El “mundo armonioso” creado en China hace 20 años por el entonces presidente Hu Jintao se está desmoronando. La culpa no es solo del virus originado en Wuhan, sino también de la gestión del actual presidente Xi Jinping, quien gobierna desde 2013. El COVID-19 ha impactado en 185 países y la única estrategia china hasta el momento es la de la diplomacia médica y cultural, junto con la ayuda al desarrollo en otros países para mejorar su imagen.
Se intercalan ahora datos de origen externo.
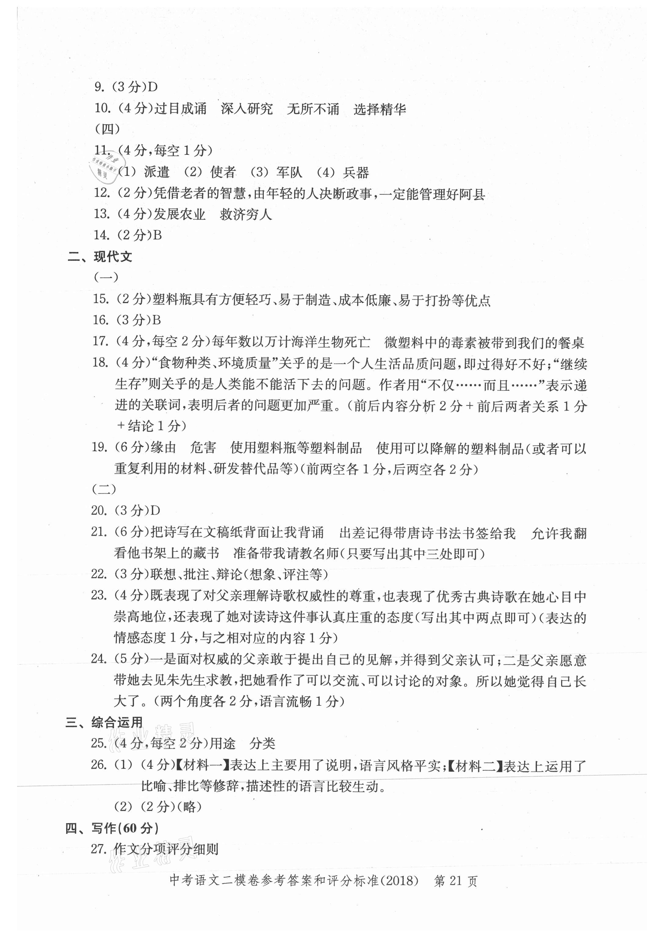 注:目前有些书本章节名称可能整理的还不是很完善,但都是按照顺序排列的,请同学们按照顺序仔细查找。练习册 2021年走向成功上海市各区中考考前质量抽查试卷精编语文合订本 答案主要是用来给同学们做完题方便对答案用的,请勿直接抄袭。

Estos instrumentos, considerados efectivos desde la administración anterior, no surten ahora el mismo impacto en la percepción de muchos países, que ven una posición cada día más autoritaria en el gobierno chino.
Según una encuesta del Pew Research Center en 2019, aplicada en 34 países, China solo contaba con un 40% de confianza, mientras en Estados Unidos o Canadá solo llegaba al 33%. La desconfianza, en tanto, era más alta en países con mayor PIB per capita, llegando al 60%. El incremento en el rechazo desde 2015 solo tiene una respuesta: el giro autoritario de China desde la renovación en 2017 de su Presidente Xi Jinping en el cargo de Secretario General del Partido Comunista. Ese giro se ha exacerbado en el último año con las protestas en Hong Kong, la lucha por el 5G, la guerra comercial con Estados Unidos y, más recientemente, por la pandemia.
Los intentos de China por liderar la lucha contra el coronavirus no han hecho sino abrir una guerra de desinformación mediática entre Occidente y el país asiático, un western de las fake news que tanto gustan a Donald Trump. Esa batalla divide a la opinión pública en dos grupos: quienes ven con alegría la ayuda médica de China, como ocurre en Italia, donde –según la encuesta SWG– el país asiático aparece mencionado el triple de veces en la televisión que otros donantes. Por otro, están los países como Australia, donde hay desconfianza por el incremento del gasto en Defensa de China, y donde se le percibe como una amenaza militar real (Encuesta Lowy Institute).
El propio representante de la diplomacia europea, Josep Borrell, afirmaba hace un mes que “los europeos han sido bastante ingenuos en el pasado con el país asiático y que ahora eran más realistas”. Si bien es una respuesta mucho más moderada que las acaloradas críticas de Trump, también es cierto que, según el New York Times, los europeos se vieron coaccionados para rebajar el contenido de un informe de la Comisión sobre las campañas de desinformación chinas en la UE. La Wolf Warrior Diplomacy de China (apodada así por el académico Zhiqun Zhu tras unas famosas películas de acción) puede tener cierto éxito en países que no quieren enfrentarse a Beijing –al fin y al cabo, no todos tienen los recursos de Estados Unidos–, pero no deja de levantar ampollas por su corte nacionalista, proactivo y agresivo.
Lo cierto es que no son pocas voces internacionales las que reclaman una investigación internacional sobre cómo se propagó el coronavirus: después de todo, los 7.500 millones de habitantes de este planeta merecen una explicación. El gobierno chino dice haber sido transparente y haber cooperado con la OMS, pero eso fue cuando el virus ya estaba fuera del control y no en noviembre, cuando el Partido Comunista silenció las alarmas médicas en Wuhan. La falta de información solo causa una mayor confusión sobre los orígenes de la pandemia y fomenta las teorías de la conspiración que siguen apuntando a un “accidente de laboratorio”, más que a un contagio directo en el mercado de animales de esa ciudad china.
El gobierno chino quiere evitar una imagen de culpabilidad o de estigmatización y ha puesto toda su maquinaria en marcha para parecer un Estado preocupado por los efectos económicos y ahora líder mundial en la lucha contra el coronavirus. Pero el efecto es todo lo contrario: la dependencia mundial con China se ha convertido en una trampa económica que Xi Jinping usa coercitivamente. China debería abrir una investigación o echará por tierra veinte años de buenas intenciones; de lo contrario, el Partido Comunista está matando el mensaje, pero también la imagen del mensajero.